Nope, lightsabers can't deflect bullets, it could cut them in half and melt them a bit, which means you then get hit by two smaller projectiles.  You can deflect blasters and lasers and whatnot, but who has those?

Me, I want a working model of Heinlein's "Starship Troopers" powered armor.  I want to be able to HALO from orbit, run through walls, jump hundreds of meters, have a flamethrower on my left arm something that shoots projectiles on my right, and whatever is loaded onto the Y-rack makes me a nuclear power in my own right.  

Now THAT would be cool.

Alternately, I would take one of the alien symbiots from Weber's "The Apocalypse Troll" that aids in healing, survival, and essentially negates the effects of aging.


----------



## Brian R. VanCise (Apr 6, 2006)

I will take the Death Star!  I would enjoy that alot, I think! :jedi1: 

Brian R. VanCise
www.instinctiveresponsetraining.com


----------



## SFC JeffJ (Apr 6, 2006)

Some kind of magnetic rail firearm.  Course the ST armour, Vera, and the lightsaber all beat it out for the coolness factor.


----------



## mrhnau (Apr 6, 2006)

Mandalorian armor! comes with flame thrower, mini-blaster, grappling hook, jet pack... what else do you need?  well, perhaps a hidden light saber would be nice... hehe

oh yeah, it better be air conditioned!


----------



## MartialIntent (Apr 6, 2006)

Guys, guys forget all those lazers and phazers, the best weapons use in a sci-fi flick has gotta be those from *Aliens*. They're not fancy, pretty or swish but man have they got some serious juice - the assault rifle / grenade thingy and the high-tech "smart gun" - yes please, I'll take a crate of each...

Respects!


----------



## beau_safken (Apr 6, 2006)

Dammit I totally forgot....

What about that brown gun from Fifth Element.  All those cool things like freeze gun, sticky net, missles, flame thrower..and the red button..which Button?ASD AHHHHHHHHhhhhhhhhhhhhhhhhhhhhhhhhhh


----------



## OnlyAnEgg (Apr 6, 2006)

That's the Zorg ZF1!
...It's light... the handle's adjustable for easy carrying... good for righties and lefties.... Breaks down into four parts, undetectable by X-rays.. It's the ideal weapon for quick, discreet interventions.  A word on fire power: Titanium recharger. 3000 round clip with bursts of 3 to 300.  With the replay button, another Zorg innovation, it's even easier... one shot. ... and replay sends every following shot to the same location......
Then, there's the Zorg oldies but goldies...Rocket launcher.  The always efficient flame thrower... My favorite. Our famous net launcher, the arrow launcher, with exploding or poisonous gas heads - very practical. And for the grand finale, the all-new ice-cube system!


----------



## MartialIntent (Apr 6, 2006)

OnlyAnEgg said:
			
		

> That's the Zorg ZF1!
> ...It's light... the handle's adjustable for easy carrying... good for righties and lefties.... Breaks down into four parts, undetectable by X-rays.. It's the ideal weapon for quick, discreet interventions. A word on fire power: Titanium recharger. 3000 round clip with bursts of 3 to 300. With the replay button, another Zorg innovation, it's even easier... one shot. ... and replay sends every following shot to the same location......
> Then, there's the Zorg oldies but goldies...Rocket launcher. The always efficient flame thrower... My favorite. Our famous net launcher, the arrow launcher, with exploding or poisonous gas heads - very practical. And for the grand finale, the all-new ice-cube system!

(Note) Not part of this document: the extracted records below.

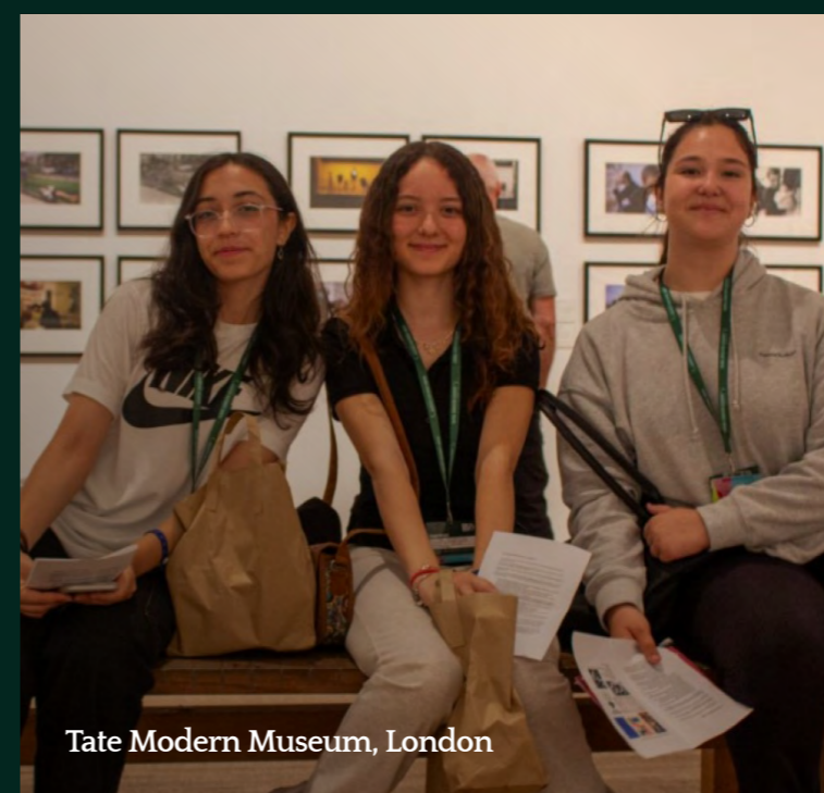
Tate Modern Museum, London
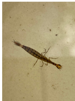
Small Flat Diving beetle larvae
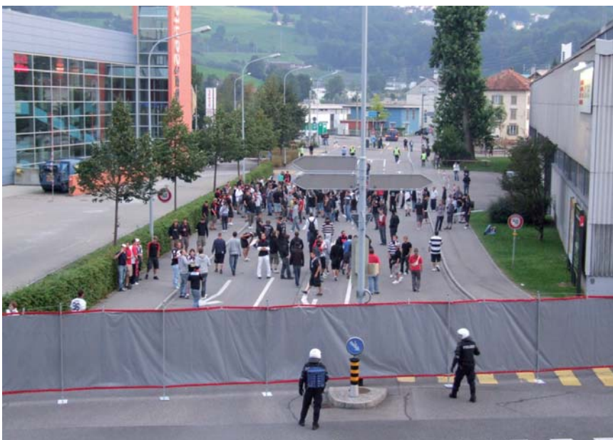
The last visiting team fans make their way to the Winkeln railway station.
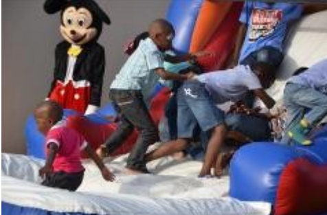
Children playing at the 2015 End of year Party
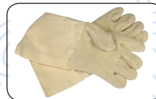
Protection gloves SKU: 20009
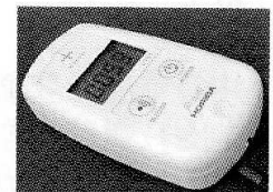
(株)堀場製作所製 環境放射線モニタ PA-1000 Radi

●Application: Kankyō-ka TEL 049-251-2711 Ext.299
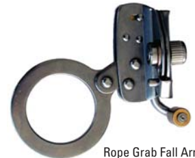
Rope Grab Fall Arrester Part No. 10054077
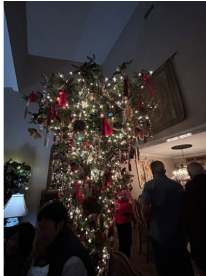
The magical upside down Christmas tree
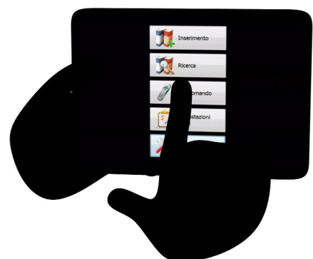
advanced features and settings
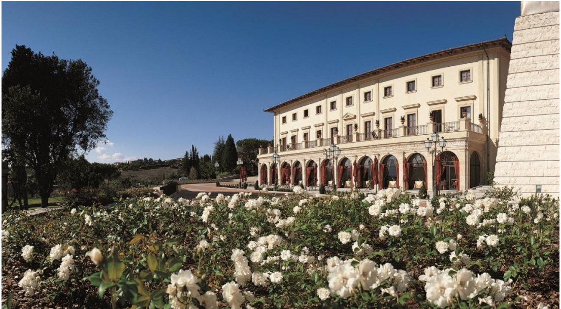
Fonteverde Lifestyle & Thermal Retreat - The Leading Hotels of the World – Tuscany, Italy

...Now Egg, without wanting to ruin the highbrow nature of the thread hehe, what you're describing is sounding dangerously close to Serge's "_Annihilator 2000_" from one of the Beverly Hills Cop series... LOL

Respects


----------



## OnlyAnEgg (Apr 6, 2006)

Serge swipes it from Luc Besson 

heheh


----------



## MartialIntent (Apr 6, 2006)

OnlyAnEgg said:
			
		

> Serge swipes it from Luc Besson
> 
> heheh


...Was Gary Oldman right for that role or what? I mean, would you buy a used weapon from this man?? Hehe.

Respects!


----------



## OnlyAnEgg (Apr 6, 2006)

There are few movies I can say I like better than that one.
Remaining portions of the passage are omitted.